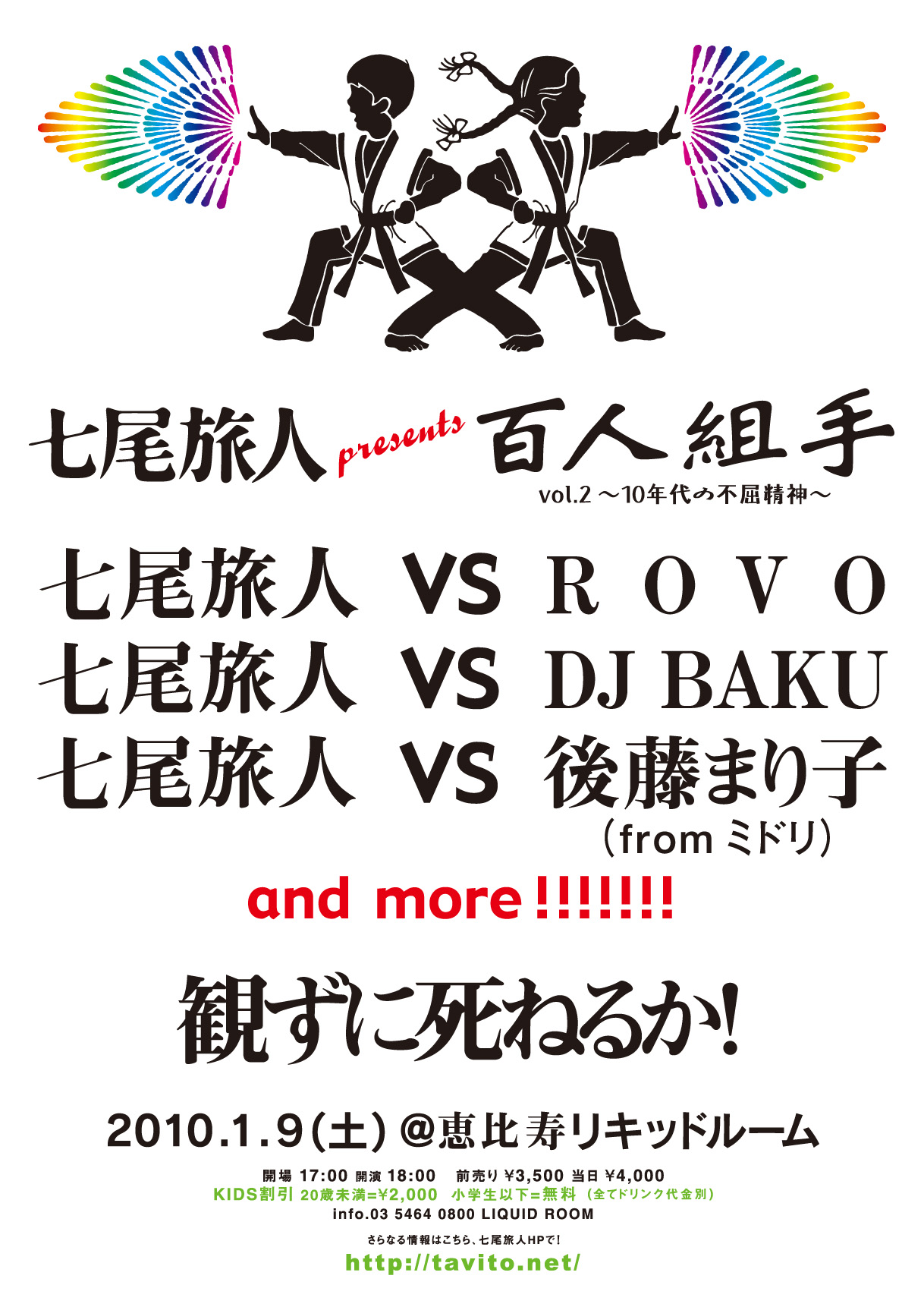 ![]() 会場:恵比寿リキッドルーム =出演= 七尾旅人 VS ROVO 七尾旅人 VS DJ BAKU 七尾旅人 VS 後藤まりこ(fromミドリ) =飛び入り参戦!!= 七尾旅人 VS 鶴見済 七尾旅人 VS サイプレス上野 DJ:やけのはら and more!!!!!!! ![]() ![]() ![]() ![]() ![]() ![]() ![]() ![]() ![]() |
—————
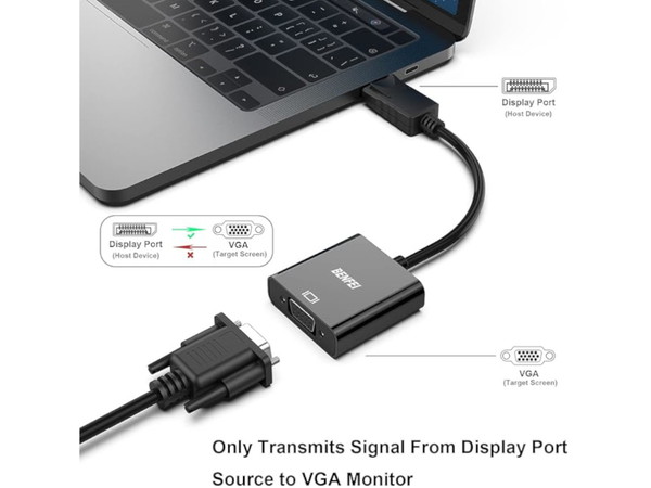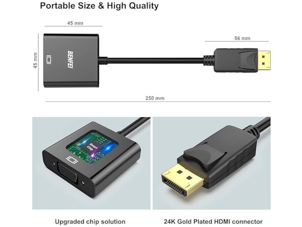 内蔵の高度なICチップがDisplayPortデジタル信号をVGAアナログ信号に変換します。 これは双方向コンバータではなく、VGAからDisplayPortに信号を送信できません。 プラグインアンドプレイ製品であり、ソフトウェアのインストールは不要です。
—————
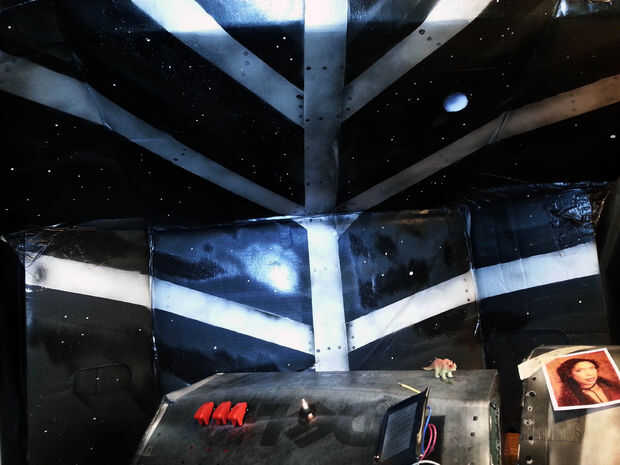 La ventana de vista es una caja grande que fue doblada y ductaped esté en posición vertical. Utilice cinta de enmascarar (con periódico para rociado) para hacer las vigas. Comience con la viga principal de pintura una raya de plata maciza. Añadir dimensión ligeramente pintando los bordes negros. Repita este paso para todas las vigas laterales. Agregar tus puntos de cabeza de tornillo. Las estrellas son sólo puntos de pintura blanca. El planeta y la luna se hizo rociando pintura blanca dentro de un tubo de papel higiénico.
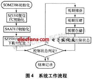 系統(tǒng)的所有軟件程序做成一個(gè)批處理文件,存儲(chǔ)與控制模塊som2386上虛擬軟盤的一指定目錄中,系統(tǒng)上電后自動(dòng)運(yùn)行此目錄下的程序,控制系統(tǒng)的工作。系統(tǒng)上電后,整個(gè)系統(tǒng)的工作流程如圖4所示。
—————
PROBLEM DESCRIPTION:
Output exactly those lines of the data above that run from the line with "La ventana de" up to and including the line with "系統(tǒng)的所有軟件程". No pictures go in.

FINAL ANSWER:
 La ventana de vista es una caja grande que fue doblada y ductaped esté en posición vertical. Utilice cinta de enmascarar (con periódico para rociado) para hacer las vigas. Comience con la viga principal de pintura una raya de plata maciza. Añadir dimensión ligeramente pintando los bordes negros. Repita este paso para todas las vigas laterales. Agregar tus puntos de cabeza de tornillo. Las estrellas son sólo puntos de pintura blanca. El planeta y la luna se hizo rociando pintura blanca dentro de un tubo de papel higiénico.
 系統(tǒng)的所有軟件程序做成一個(gè)批處理文件,存儲(chǔ)與控制模塊som2386上虛擬軟盤的一指定目錄中,系統(tǒng)上電后自動(dòng)運(yùn)行此目錄下的程序,控制系統(tǒng)的工作。系統(tǒng)上電后,整個(gè)系統(tǒng)的工作流程如圖4所示。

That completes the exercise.